What, exactly, do I mean by punk? The punk revolution in the 70s were many things. And if you, like me, believe that the biggest punk band – what defined the stylish glass that the world went through at that time – was the sex guns, then I think what it means is that punk, in the heart, was an electrifying music that celebrated a Basic hardcore separation from what we like as … empathy. Human feeling. One of my favorite expistol songs was always “no feelings” (“no light-gs … for someone else! “), Because I think it is so neat, catartically honest about the new state that began to settle in youth culture: the unpleasant self -management of everything and rage in a world that began to turn” connection “into a product.

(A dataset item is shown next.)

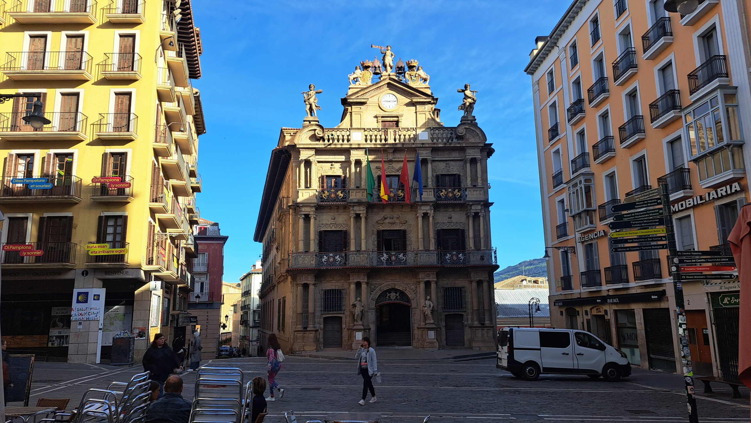 Heute konnten wir uns Zeit lassen, denn wir wollten vorher noch zur Post gehen, um ein Paket mit überflüssigen Sachen nach Hause zu schicken. Die Post machte erst 8:30 Uhr auf, 10 Minuten vorher standen wir bereits vor der Post in einer Warteschlange. Die Post öffnete pünktlich. Nun suchten wir uns einen Karton und verstauten die Sachen, die wir zurück senden wollten. Im Handy gab ich gleich den Text zum Übersetzen ein, was wir wollten mit der Adresse und Telefonnummer. Nun noch den Ausweis dazu legen und alles der netten Dame am Schalter übergeben. Das ganze kostete 30 €. Nach kurzer Zeit waren wir wieder draußen und nun konnten wir unseren Camino mit 3kg weniger Gepäck fortsetzen. Jetzt meldete sich noch der kleine Hunger. Wir fanden eine kleine Bar, als wir gefrühstückt hatten, befanden wir uns direkt gegenüber dem Rathaus.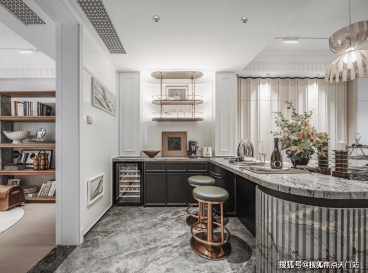 更好更奢的归家门庭,嘉佩乐酒店风格,海派元素充满空间的每一个角落,地面的复古花纹,金属镂空装饰墙,普拉达绿的奢石点缀,仿佛穿越到了摩登时代。

True Punk was over quite quickly (and the collision created music that allowed the children to think of themselves as punk who cared). But I do not think that the underlying affection that punk dropped to disappeared; I think it just grew. I think the punk vision, in more ways than not, describes the world we have today: people full of rage, at each other’s throats, talk and do not listen. No feelings … for someone else. And even though we all know about the pioneers in punk, the literal inventors of it (MC5, Iggy Pop, Who do “My Generation” and Beatles that make “Helter Skelter”), I would claim that on a mass scale it was Led Zeppelin Who came there first. Their songs don’t sound like “punk”, but Zeppelin’s music was looking to ruin the world as much or more than punk ever did.

And because they were such A monumental band, Epic in Reach and Influence, Led Zeppelin marked the moment when a large number of people, for the first time, experienced rock ‘n’ role as a ruthless orgy of the self. It is part of the beauty of Zeppelin, and the beauty of the metal revolution that the band inspired: that it does not pretend to care. You hit your head down to your navel; It’s about you. This nihilism was already out, but never underestimates the power of rock ‘n’ role in redirecting society’s energy. Elvis and Little Richard and Jerry Lee Lewis did. The Beatles and Dylan and Stones did. And Led Zeppelin made it-so to triple down on the libidinous energy in all counter culture that had come earlier, and also by shining a light, for the first time, on was such a musical wreck of hedonistic junk stimulation could lead. Was it a good place or a dangerous place? It was both. But that’s where we are now. As Robert Plant sang in “Kashmir,” Oooo my baby! Let me take you there.